本片博文主要分析的是Standalone
模式下 Spark 集群(Master, work
)启动流程
各启动脚本及源码分析
start-master.sh Master
启动脚本启动 Master 的主要 shell
流程
"${SPARK_HOME}/sbin"/spark-daemon.sh start $CLASS 1 \
--host $SPARK_MASTER_HOST --port $SPARK_MASTER_PORT --webui-port $SPARK_MASTER_WEBUI_PORT \
$ORIGINAL_ARGS
case $option in
(start)
run_command class "$@"
;;
esac
run_command() {
mode="$1"
case "$mode" in
(class)
execute_command nice -n "$SPARK_NICENESS" "${SPARK_HOME}"/bin/spark-class "$command" "$@"
;;
esac
}
execute_command() {
if [ -z ${SPARK_NO_DAEMONIZE+set} ]; then
# 最终以后台守护进程的方式启动 Master
nohup -- "$@" >> $log 2>&1 < /dev/null &
fi
}
/opt/module/spark-standalone/bin/spark-class org.apache.spark.deploy.master.Master
--host hadoop002
--port 7077
--webui-port 8080
bin/spark-class
/opt/module/jdk1.8.0_172/bin/java
-cp /opt/module/spark-standalone/conf/:/opt/module/spark-standalone/jars/*
-Xmx1g org.apache.spark.deploy.master.Master
--host hadoop002
--port 7077
--webui-port 8080
start-slaves.sh Worker
启动脚本启动 Worker 的主要 shell
流程
"${SPARK_HOME}/sbin/slaves.sh" cd "${SPARK_HOME}" \; "${SPARK_HOME}/sbin/start-slave.sh" "spark://$SPARK_MASTER_HOST:$SPARK_MASTER_PORT"
# worker类
CLASS="org.apache.spark.deploy.worker.Worker"

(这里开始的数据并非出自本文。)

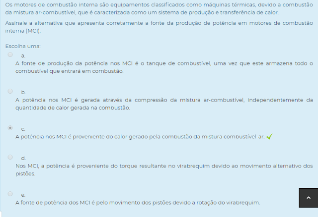 Assinale a alternativa que apresenta corretamente a fonte da produção de potência em motores de combustão interna (MCI).
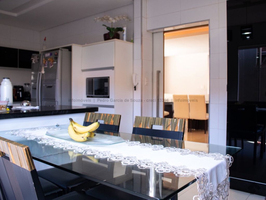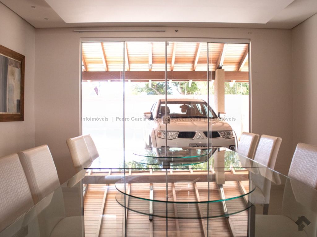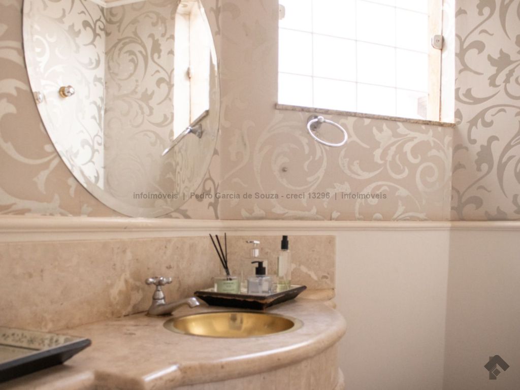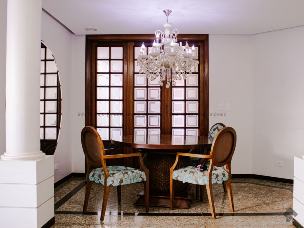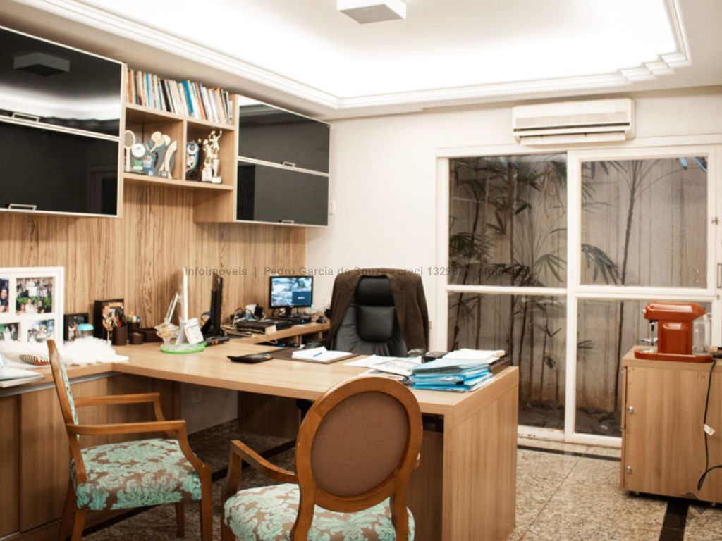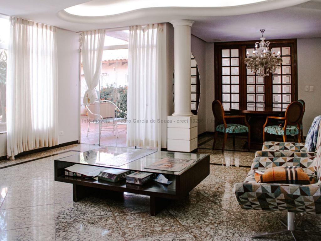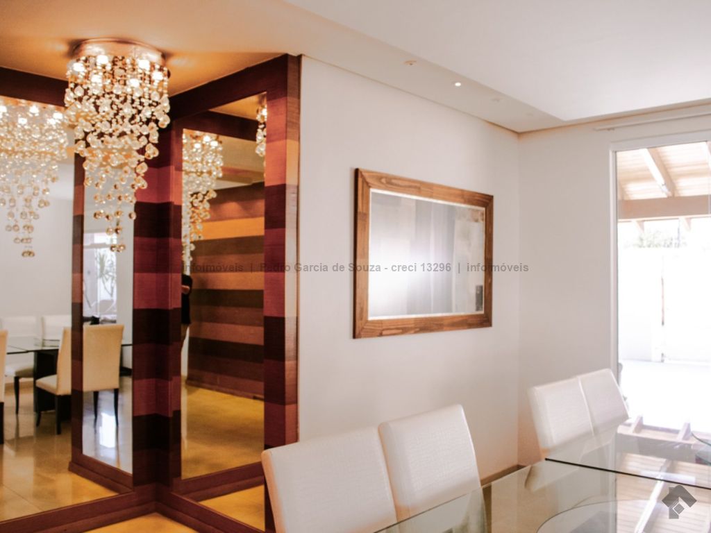 Com 720m² de terreno e 686m² de área construída, o primeiro piso dispõe de jardim, hall de entrada, escritório com jardim de inverno e banheiro, lavabo, sala com três ambientes integrados à área gourmet, ante-sala, sala de jantar, cozinha com despensa, área de serviço, piscina com sala de manutenção e banheiro, área gourmet com edícula, dois quartos com um banheiro social e uma suíte, além de garagem para até 4 carros. O piso superior conta com iluminação natural, sala de televisão, uma suíte master, uma suíte e duas demi-suítes com mezanino.

if [ "$SPARK_WORKER_WEBUI_PORT" = "" ]; then
# worker webui 端口号
SPARK_WORKER_WEBUI_PORT=8081
fi
if [ "$SPARK_WORKER_INSTANCES" = "" ]; then
start_instance 1 "$@"
fi
# 启动worker实例 spark-daemon.sh在启动Master的时候已经使用过一次了
function start_instance {
"${SPARK_HOME}/sbin"/spark-daemon.sh start $CLASS $WORKER_NUM \
--webui-port "$WEBUI_PORT" $PORT_FLAG $PORT_NUM $MASTER "$@"
}
/opt/module/spark-standalone/bin/spark-class org.apache.spark.deploy.worker.Worker
--webui-port 8081
spark://hadoop002:7077
bin/spark-class
opt/module/jdk1.8.0_172/bin/java
-cp /opt/module/spark-standalone/conf/:/opt/module/spark-standalone/jars/*
-Xmx1g org.apache.spark.deploy.worker.Worker
--webui-port 8081
spark://hadoop002:7077
Master
启动源码org.apache.spark.deploy.master.Master
private[deploy] object Master extends Logging {
val SYSTEM_NAME = "sparkMaster"
val ENDPOINT_NAME = "Master"
// 启动 Master 的入口函数
def main(argStrings: Array[String]) {
Utils.initDaemon(log)
val conf = new SparkConf
// 构建用于参数解析的实例 --host hadoop201 --port 7077 --webui-port 8080
val args = new MasterArguments(argStrings, conf)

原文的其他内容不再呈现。